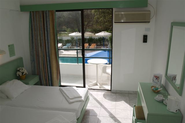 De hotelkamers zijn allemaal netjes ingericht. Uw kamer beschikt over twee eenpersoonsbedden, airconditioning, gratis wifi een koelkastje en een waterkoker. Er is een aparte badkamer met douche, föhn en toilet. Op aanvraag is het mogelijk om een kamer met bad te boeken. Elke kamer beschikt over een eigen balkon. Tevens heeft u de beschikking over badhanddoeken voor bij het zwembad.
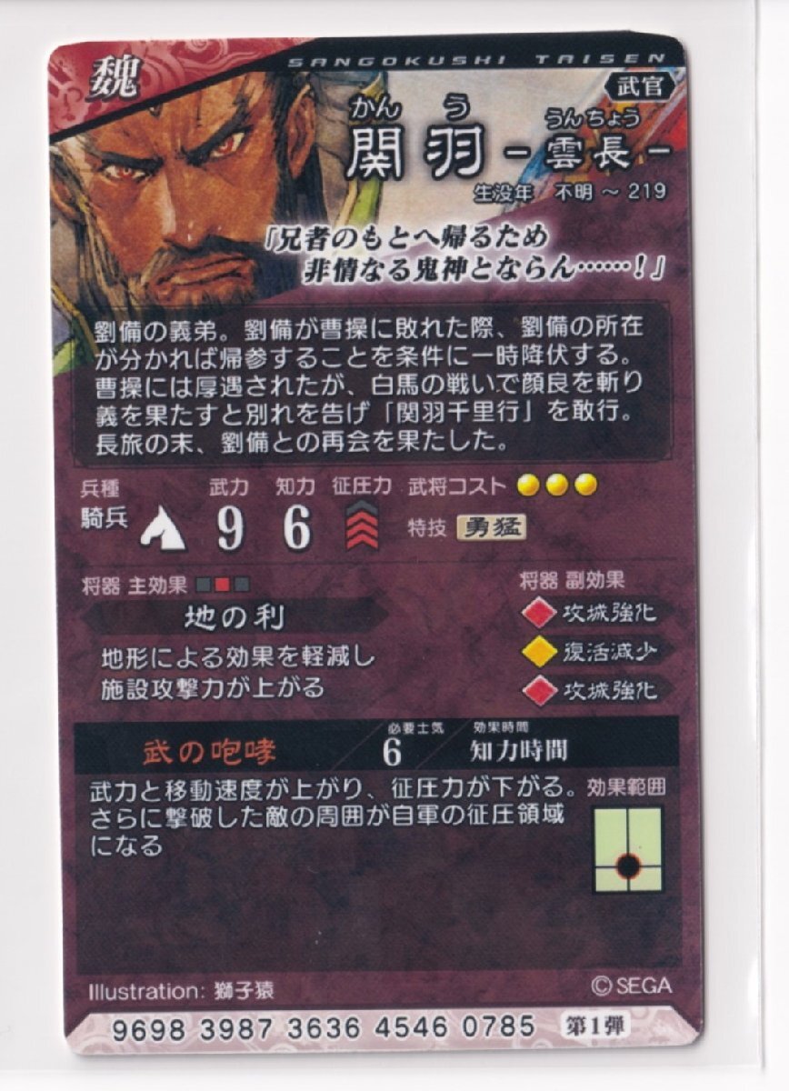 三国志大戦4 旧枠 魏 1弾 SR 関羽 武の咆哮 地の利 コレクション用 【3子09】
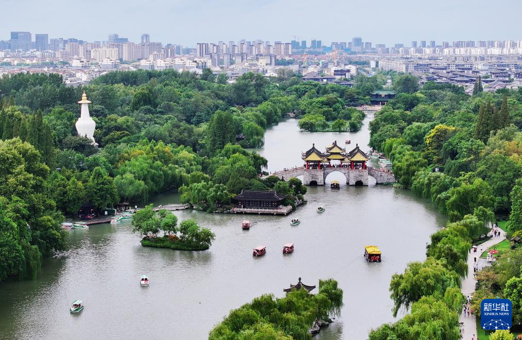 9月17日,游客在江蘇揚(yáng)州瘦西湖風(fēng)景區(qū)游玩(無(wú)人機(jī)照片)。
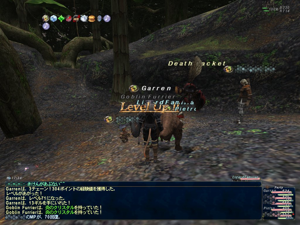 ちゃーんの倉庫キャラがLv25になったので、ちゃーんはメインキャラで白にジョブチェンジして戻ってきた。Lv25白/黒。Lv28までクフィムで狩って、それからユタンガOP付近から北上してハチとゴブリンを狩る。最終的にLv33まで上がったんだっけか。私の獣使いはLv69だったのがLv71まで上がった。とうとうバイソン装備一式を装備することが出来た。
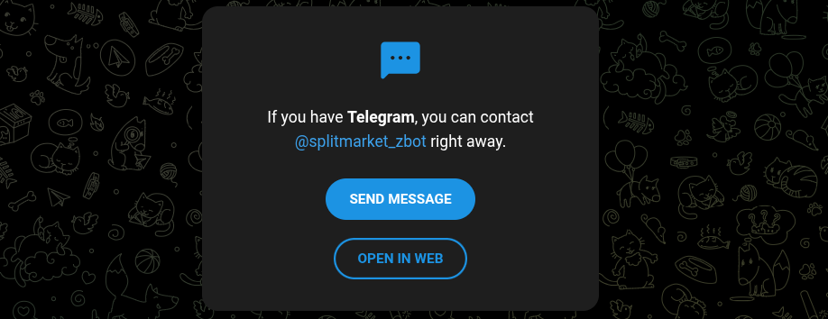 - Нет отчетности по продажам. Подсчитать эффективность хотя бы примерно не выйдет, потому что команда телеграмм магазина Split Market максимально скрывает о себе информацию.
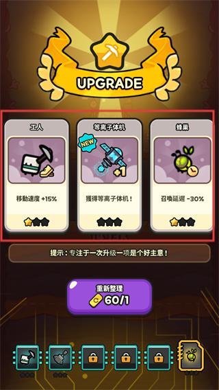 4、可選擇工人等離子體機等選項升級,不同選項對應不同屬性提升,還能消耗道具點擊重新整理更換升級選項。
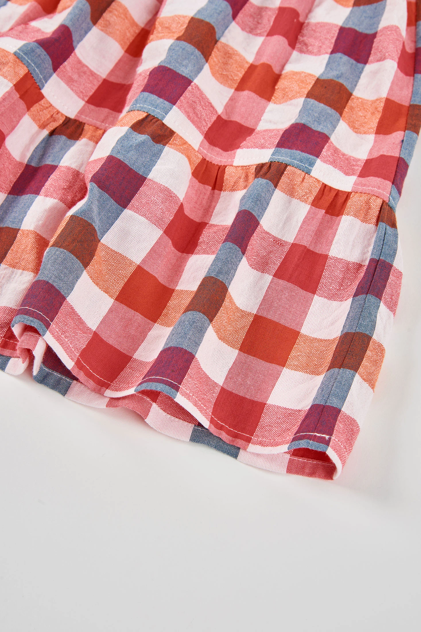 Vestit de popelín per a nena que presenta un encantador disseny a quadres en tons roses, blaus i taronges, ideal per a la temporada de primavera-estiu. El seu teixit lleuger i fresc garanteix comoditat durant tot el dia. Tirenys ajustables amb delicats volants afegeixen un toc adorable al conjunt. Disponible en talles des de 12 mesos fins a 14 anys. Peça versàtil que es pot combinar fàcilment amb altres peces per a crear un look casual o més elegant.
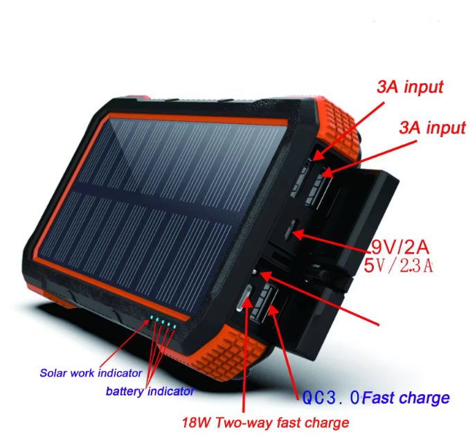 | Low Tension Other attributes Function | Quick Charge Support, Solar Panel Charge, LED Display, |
──────
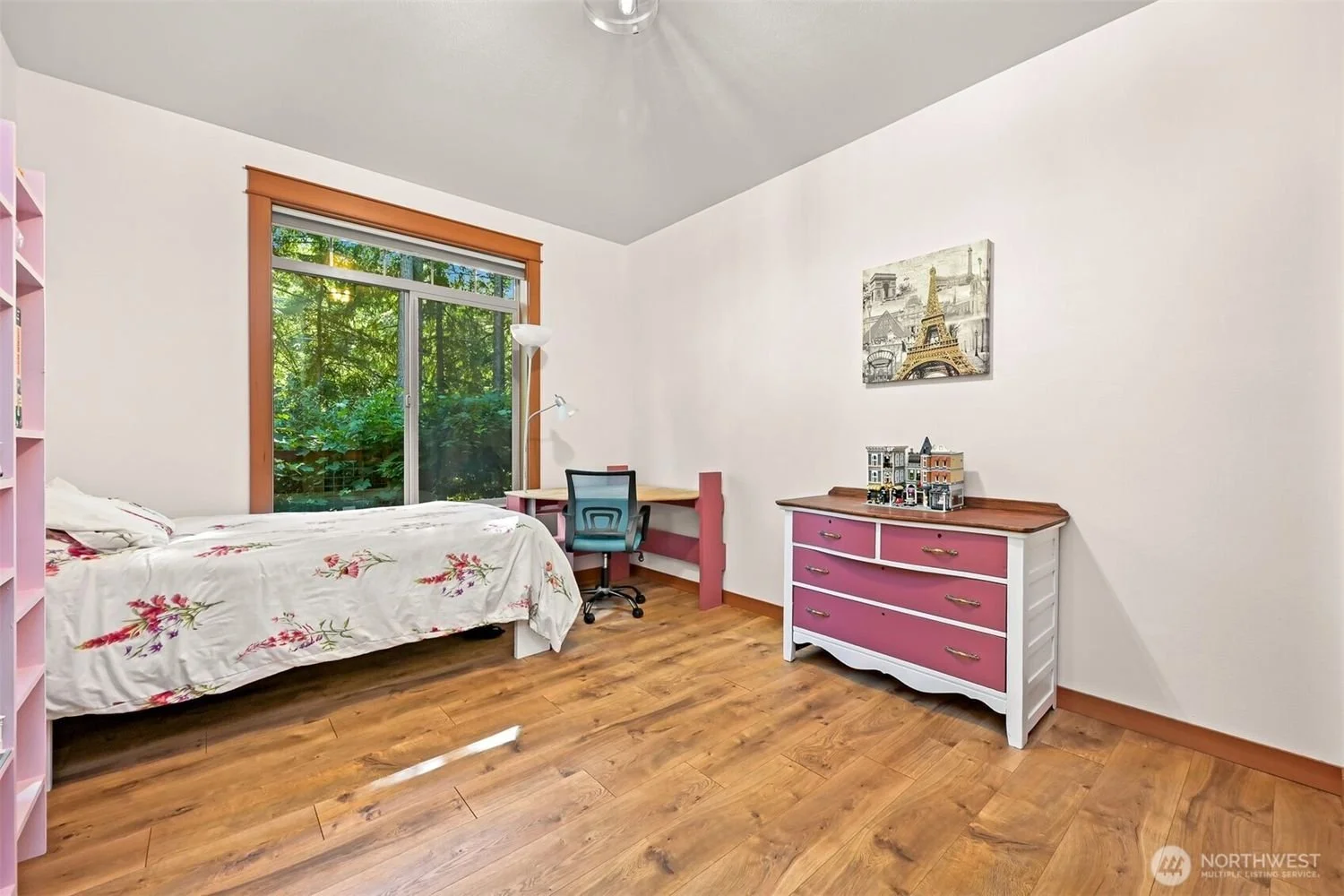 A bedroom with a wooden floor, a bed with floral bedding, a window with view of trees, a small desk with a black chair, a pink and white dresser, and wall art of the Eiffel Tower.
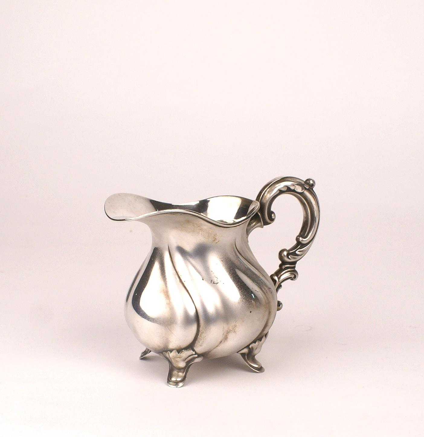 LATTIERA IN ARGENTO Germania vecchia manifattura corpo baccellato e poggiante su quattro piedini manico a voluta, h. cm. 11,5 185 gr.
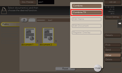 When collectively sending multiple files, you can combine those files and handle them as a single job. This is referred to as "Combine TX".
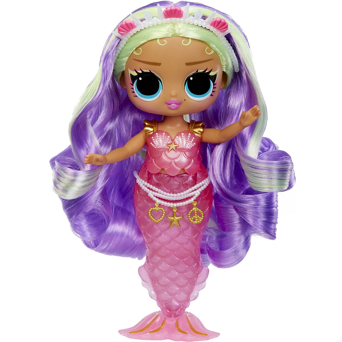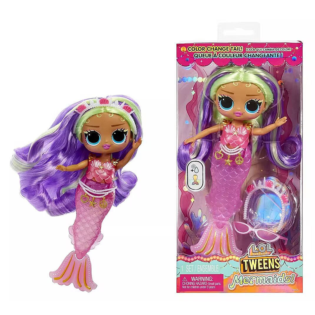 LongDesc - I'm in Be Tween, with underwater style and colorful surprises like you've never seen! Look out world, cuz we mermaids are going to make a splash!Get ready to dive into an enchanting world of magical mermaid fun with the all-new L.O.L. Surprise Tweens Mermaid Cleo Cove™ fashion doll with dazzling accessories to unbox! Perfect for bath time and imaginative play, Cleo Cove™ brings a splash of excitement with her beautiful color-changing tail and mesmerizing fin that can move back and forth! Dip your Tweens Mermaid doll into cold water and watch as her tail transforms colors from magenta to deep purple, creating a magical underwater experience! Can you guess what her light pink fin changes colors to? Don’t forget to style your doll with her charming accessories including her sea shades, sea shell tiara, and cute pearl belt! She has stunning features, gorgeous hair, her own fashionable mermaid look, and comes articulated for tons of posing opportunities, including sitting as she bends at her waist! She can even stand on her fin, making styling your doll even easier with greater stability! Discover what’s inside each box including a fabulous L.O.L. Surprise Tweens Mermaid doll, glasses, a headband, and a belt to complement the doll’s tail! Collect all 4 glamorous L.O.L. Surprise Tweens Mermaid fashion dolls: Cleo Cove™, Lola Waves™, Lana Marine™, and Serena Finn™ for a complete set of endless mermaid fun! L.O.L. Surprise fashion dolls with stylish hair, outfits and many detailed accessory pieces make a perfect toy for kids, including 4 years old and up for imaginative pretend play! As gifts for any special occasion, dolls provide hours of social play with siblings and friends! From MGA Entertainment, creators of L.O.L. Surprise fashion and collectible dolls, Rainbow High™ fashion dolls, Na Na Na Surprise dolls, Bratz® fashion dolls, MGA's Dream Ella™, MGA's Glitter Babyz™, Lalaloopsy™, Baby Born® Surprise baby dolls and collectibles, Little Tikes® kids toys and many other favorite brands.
──────
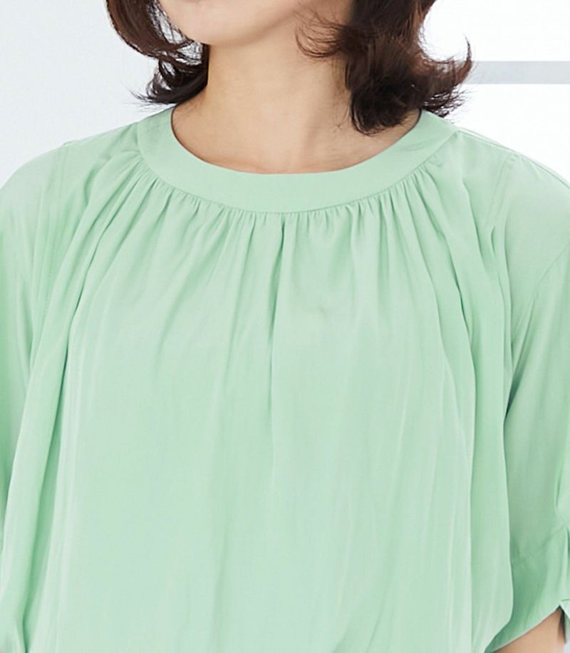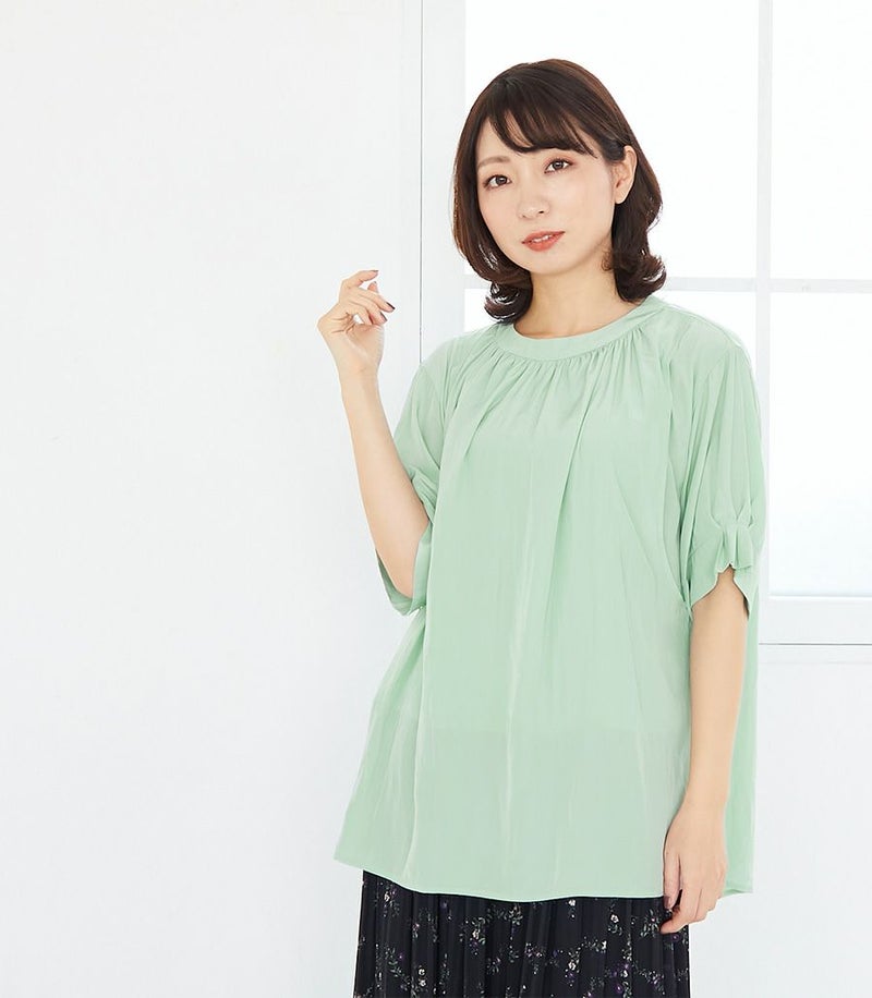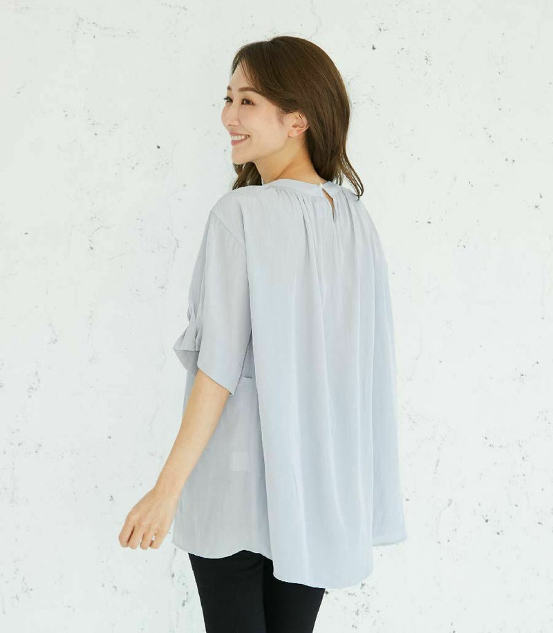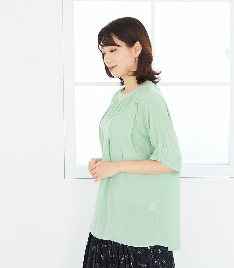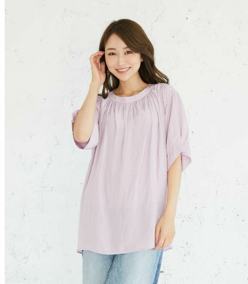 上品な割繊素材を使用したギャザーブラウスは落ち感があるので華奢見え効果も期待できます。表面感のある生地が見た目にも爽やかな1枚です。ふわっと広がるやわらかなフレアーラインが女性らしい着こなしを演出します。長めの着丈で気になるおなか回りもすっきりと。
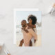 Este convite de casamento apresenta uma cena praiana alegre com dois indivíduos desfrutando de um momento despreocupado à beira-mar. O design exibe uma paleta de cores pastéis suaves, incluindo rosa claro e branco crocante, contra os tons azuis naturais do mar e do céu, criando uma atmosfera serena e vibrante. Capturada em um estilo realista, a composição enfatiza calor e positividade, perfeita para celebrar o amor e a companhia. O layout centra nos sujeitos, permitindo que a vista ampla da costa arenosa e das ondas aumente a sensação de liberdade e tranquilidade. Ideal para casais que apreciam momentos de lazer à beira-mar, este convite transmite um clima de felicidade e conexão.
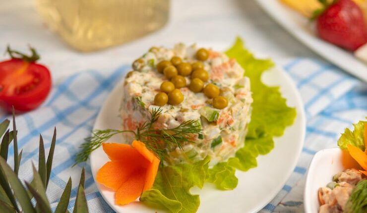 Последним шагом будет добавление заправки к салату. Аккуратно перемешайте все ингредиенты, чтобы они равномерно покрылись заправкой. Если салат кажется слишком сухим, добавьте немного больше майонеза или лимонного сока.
──────
= How to complete this task =
Write out exactly the lines above between the one with "Este convite de" and the one with "Последним шагом будет", inclusive, with pictures left out.

= Problem solution =
 Este convite de casamento apresenta uma cena praiana alegre com dois indivíduos desfrutando de um momento despreocupado à beira-mar. O design exibe uma paleta de cores pastéis suaves, incluindo rosa claro e branco crocante, contra os tons azuis naturais do mar e do céu, criando uma atmosfera serena e vibrante. Capturada em um estilo realista, a composição enfatiza calor e positividade, perfeita para celebrar o amor e a companhia. O layout centra nos sujeitos, permitindo que a vista ampla da costa arenosa e das ondas aumente a sensação de liberdade e tranquilidade. Ideal para casais que apreciam momentos de lazer à beira-mar, este convite transmite um clima de felicidade e conexão.
 Последним шагом будет добавление заправки к салату. Аккуратно перемешайте все ингредиенты, чтобы они равномерно покрылись заправкой. Если салат кажется слишком сухим, добавьте немного больше майонеза или лимонного сока.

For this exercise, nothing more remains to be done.